I.T. Proctology: 03/01/2009

Monday, March 23, 2009

HA VMs and the Failover Clustering wizard

Here is a gotcha that just came out of the Hyper-V forums.

I have been assisting a person with a problem that he was having with his VM shaving to failover as a group. We walked through the most common issue; the VMs share a single storage LUN. But the issue persisted. So we went backward.

In the end it was all about the process of making a VM Highly Available in the Failover Clustering manager.

Now, the process has been well documented and blogged about - so I am not going to show screen shots or outline the process. But I will mention the gotcha.

Here is rule of thumb that us crusty clustering folks don't think of anymore. We just do it, and in doing that I didn't even think about the root of the issue that this individual ran into.

Here is the rule of thumb: One run of the Failover Cluster "add resource" wizard equals one Highly Available resource.

You might think, well yea. And for those of us that began with Clustering under NT4, this was a requirement. However, with the ease of use of the new wizard in Failover Cluster Manager I just don't consciously think about it anymore.

Why is this an issue?

Ah, here is the scenario.

I open the wizard to make a number of VMs Highly Available. To safe some time, I add multiple VMs and complete the wizard. I think, great, I am done.

Now, on the backside, Failover Clustering has actually just grouped all of these VM resources together as a single Highly Available entity that is composed of many workloads.

This is where Failover Clustering takes over, and Hyper-V is just an engine.

Failover Clustering deals in 'workloads.'

And in the workload world that can be a website, plus a COM service, plus a LUN, plus a database server - all distinct entities, but all dependent upon each other, and in Failover Clustering you would set these up as a single workload and that they would come online in a specific order.

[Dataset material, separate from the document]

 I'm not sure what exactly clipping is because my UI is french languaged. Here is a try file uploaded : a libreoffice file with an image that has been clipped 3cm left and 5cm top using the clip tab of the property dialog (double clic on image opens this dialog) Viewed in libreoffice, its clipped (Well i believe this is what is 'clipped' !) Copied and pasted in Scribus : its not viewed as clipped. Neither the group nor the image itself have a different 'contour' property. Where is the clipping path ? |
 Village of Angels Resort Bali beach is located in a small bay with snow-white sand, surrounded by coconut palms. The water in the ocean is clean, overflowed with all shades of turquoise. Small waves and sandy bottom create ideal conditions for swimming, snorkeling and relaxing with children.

When we talk VMs - Failover Clustering only has a rule that says, 'Oh, a VM is composed of a configuration file, plus a VHD, plus the volume the VHD resides on' and it is the logic in the wizard that takes care of setting all three of these items as a single Highly Available workload.
(Go ahead; take a look at the details of a Highly Available VM).

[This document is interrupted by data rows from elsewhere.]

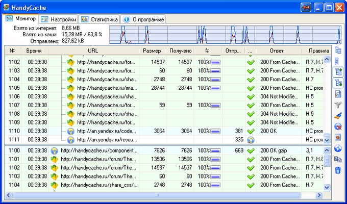 Монитор - главное окно HandyCache, в котором отображается история закачек, текущие активные соединения, их состояние, размер, ответы сервера и примененные к загружаемым файлам правила. Здесь всегда видна оборотная сторона жизни браузера: какие файлы он грузит, откуда, какие ошибки при этом возникают. Кроме этого, можно остановить закачку, загрузить файл повторно или удалить из кэша, открыть в браузере ранее загруженный файл (если тип файла это позволяет), просмотреть на диске каталог кэша, в котором сохранен файл(ы), и многое другое.
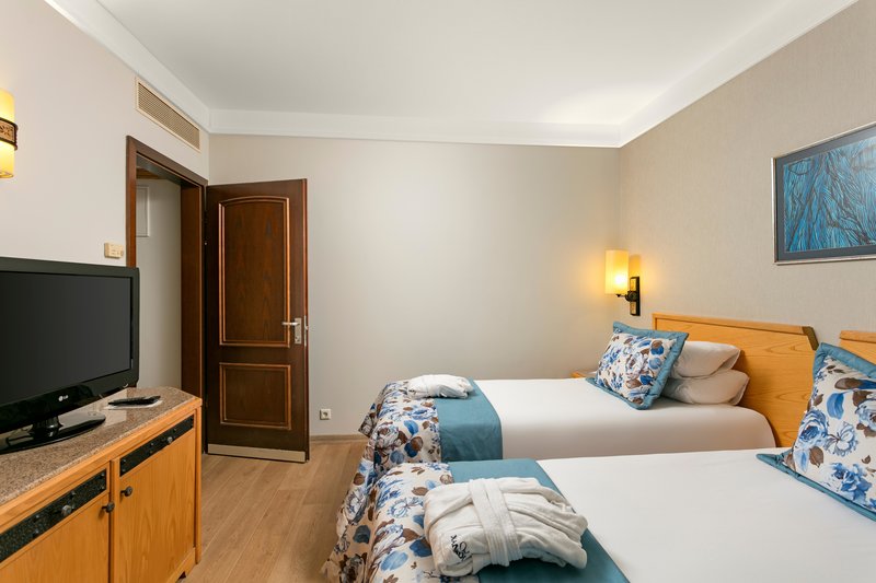 - Zimmerausstattung: Verbindungstüre, Wasserkocher, Telefon, Haartrockner, Minibar (inklusive), Zimmersafe (inklusive), Bademantel (inklusive), WLAN im Zimmer (inklusive), Fernseher (inklusive), Klimaanlage (inklusive, saisonal verfügbar)
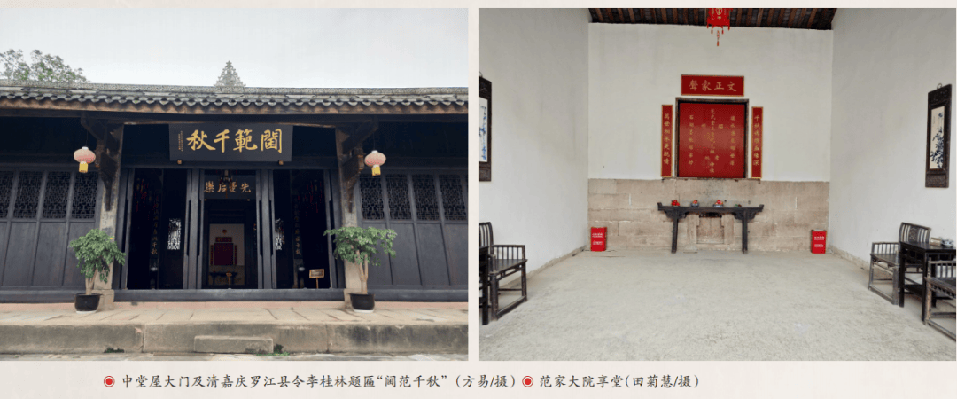 大院楹联、龛联、字画等尽显清廉家风与高雅情趣。中龙门门联:“瑞霭龙门祥联风阁,香生桂苑秀挺兰阶。”上联“龙门”引《后汉书·水族·龙门》“鲤鱼跃龙门”典故;下联“桂苑”用《世说新语·言语》典故,喻范氏子孙承先祖遗风争取科第。左龙门楹联“雅爱山居多乐趣,闻听响石有清音”,分别将大院背靠的“老虎山”和大院东北角的著名“响石”胜景嵌于联中,以表达造屋者对大自然美景的热爱与尊崇。右龙门楹联“自喜奂轮光世泽,还崇廉俭绍家风”,直抒造屋者胸意,既阐释自身传承又期盼后世子孙们能继承祖辈们清廉勤俭的家风。二进屋中间为中堂屋,阔200余平方米。屋梁悬清嘉庆罗江知县李桂林题书匾额“阃范千秋”,褒扬范氏家风。堂屋正中挂先祖范仲淹画像,画像配“利贞能载物,柔顺以承天”联,“利贞”语出《易经》“元亨利贞”句,意为“有益、美义、正道、坚定”;“柔顺”语出《易·坤》“柔顺含弘”句,意为具有温柔、顺从品质,能包容与博纳,显示屋主称颂先祖范仲淹对大道的坚定和厚德载物、心系众生的情操。额文“先忧后乐”,集自范仲淹《岳阳楼记》中“先天下之忧而忧,后天下之乐而乐”句。屋内梁柱刻“念开创劳形历茲十载,冀守成润屋自此千秋”联,两侧联文分别记先祖博大胸怀、高尚情操及创建大院历10年艰辛,彰屋主立志继承光大先祖家国情怀和守成创业之家风。大院西端高处房屋为享堂,是供奉先祖牌位的地方。屋面高耸,柱梁更粗壮,门墙更宽阔,装饰更精美。享堂两墙正中设凹形神龛,供奉范氏历代先祖,内龛联为“千秋传继血缘深,万世相承是亲情”,外龛联是“让水廉泉绵世泽,石湖墨帐绍宗功”,横额“文正家声”,壁上悬挂范仲淹画像及其名篇《岳阳楼记》。这些设施及联文,明显与众不同。联文未见“求富贵荣华”“盼发财升官”字样,讲的是“血缘”“亲情”,求的是“廉让”(喻清廉)和“宗功”“家声”,喜的是山水怡情。

The point is that each VM must be set up individually. One invoke of the wizard = one VM.
If you add multiple VMs at the same time then Failover Clustering considers them multiple components of the same workload and will keep them together and fail them over between hosts as a single unit.

This can lead to all kinds of confusion. Such as: why can't i have each VM on its own host? Why can't i fail them over individually?

One problem is the LUN - when multiple VMs share a single LUN, but that is not the issue here.
When might this be something that you want to do?

You would want to do this if you had VM entities that were related or required each other or required an internal virtual network to communicate.

One example is an IIS server that must sit behind a separate VM firewall. In this case, make them fail together, as a single workload.

In the end, I hope this helps broaden the understanding of how Hyper-V extends and depends on other Windows services to provide features.

Saturday, March 14, 2009

Migration types de-mystified

Recently I have been trying to help folks out with understanding the infrastructure required for various type of migrations using SCVMM and Hyper-V.

There is Network Migration, Quick Migration, SAN Migration, and soon - Live Migration.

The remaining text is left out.